Ce qui a mis le feu aux poudres hier, c’est d’ailleurs autant le chiffre sorti par le Standaard, un milliard d’endettement, que cette précision donnée par Laurence Bovy, 14 km d’égouts rénovés seulement en 2023. On peut faire simple pour résumer la situation : c’est sur la rénovation des égouts que Vivaqua est en train de faire des économies. Les chantiers sont reportés les uns après les autres parce que l’entreprise ne peut plus les payer. Une gestion indigne d’un service public qui est une véritable bombe à retardement pour le futur. Politiquement, une situation intenable.

La difficulté c’est que Vivaqua n’est pas un organisme régional. La région a son mot à dire. C’est le ministre de l’énergie Alain Maron qui édicte les normes et assure la surveillance de la qualité de l’eau par exemple.
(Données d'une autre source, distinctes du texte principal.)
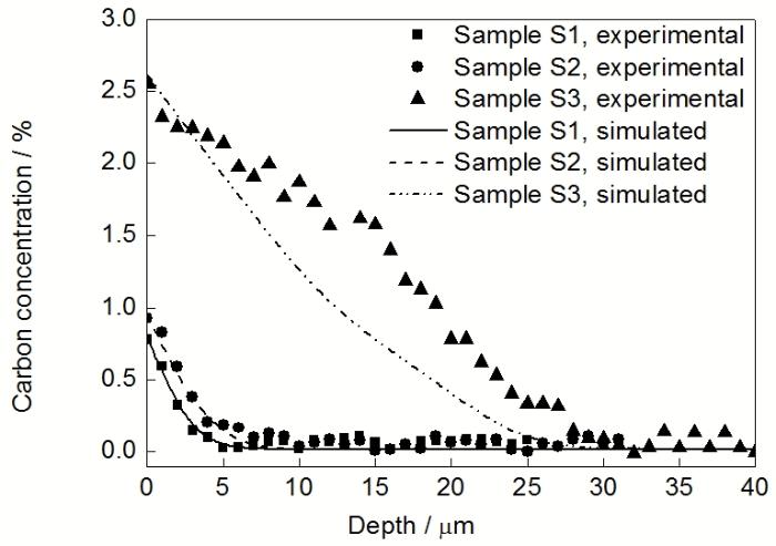 图9   S1, S2和S3试样表面C浓度测量值和模拟曲线

Mais Vivaqua appartient aux communes. La société a été créée en décembre 1891, elle a donc 131 ans. Au  capital on retrouve 23 communes, les 19 communes de la Région bruxelloise mais aussi des communes du Hainaut et du Brabant-Wallon : Braine-l’Alleud et Braine-le-Château par exemple sont actionnaires. Ce sont ces communes qui gèrent l’entreprise, définissent sa stratégie, valident son budget, pas la région. Même si la région est régulièrement appelée à la rescousse, avec par exemple  l’an dernier une enveloppe de 12 millions pour aider à boucler les comptes. Vivaqua, bien qu’accomplissant une mission de service public, obéit à une logique de société privée : elle commercialise un bien qui n’est pas gratuit. C’est théoriquement le produit de ses ventes qui devrait lui permettre d’atteindre l’équilibre. Aujourd’hui ce n’est pas le cas. Il y a donc deux scénarios possibles : soit on augmente le prix de l’eau, c’est donc le consommateur qui paye. Soit on fait intervenir les pouvoirs publics, là c’est le contribuable qui paye.
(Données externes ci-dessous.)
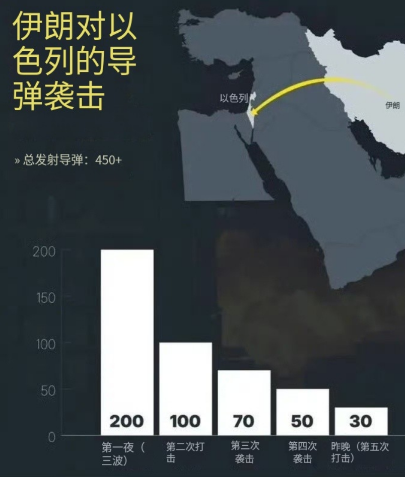 伊朗在一夜之間發射了兩波導彈,估計總數在20-30枚。伊朗今天(6月17日)的“導彈齊射”,據稱是伊朗彈道導彈攻擊了以色列摩薩德總部的視頻,連續三發突破“鐵穹”反導系統的攔截,兩枚高爆彈頭在建築羣中爆炸。據稱有一發打在格利洛特基地,那裏是摩薩德和8200情報部隊。多方對比之後確認以色列軍事情報中心大樓也伊朗被炸了。

Si on veut renflouer réellement Vivaqua il faudra soit que les communes-actionnaires remettent la main à la poche et procèdent à une augmentation de capital. Ce qui est peu réaliste. Soit que la région apporte sa contribution. Et là tant Alain Maron qu’Elke Van den Brandt ont été clairs ; la région veut bien aider, mais dans ce cas-là elle devra avoir son mot à dire. “Nous n’allons pas laisser Vivaqua couler mais avec la facture nous devons aussi recevoir des compétences”, a dit notamment  la ministre de la Mobilité hier soir à la VRT. En d’autres termes, il faudrait la faire entrer dans le capital et lui laisser un siège (au moins) au conseil administration. Il n’est pas sûr que les communes l’acceptent si facilement. Ce serait le début d’une régionalisation de Vivaqua. Pour la petite histoire une étude sur la rationalisation du secteur de l’eau a d’ores et déjà été commandée par le gouvernement bruxellois. Elle avait été annoncée pour la fin 2023, elle arrivera finalement dans quelques mois, visiblement dès qu’on parle de l’eau, il y a du retard. Cette étude sera donc sur la table du monde politique au moment ou il s’agira de former le prochain gouvernement, après les élections de juin prochain. Ce n’est pas un hasard de calendrier. C’est juste l’indication que dans le secteur de l’eau, à Bruxelles, les grandes manœuvres viennent de commencer.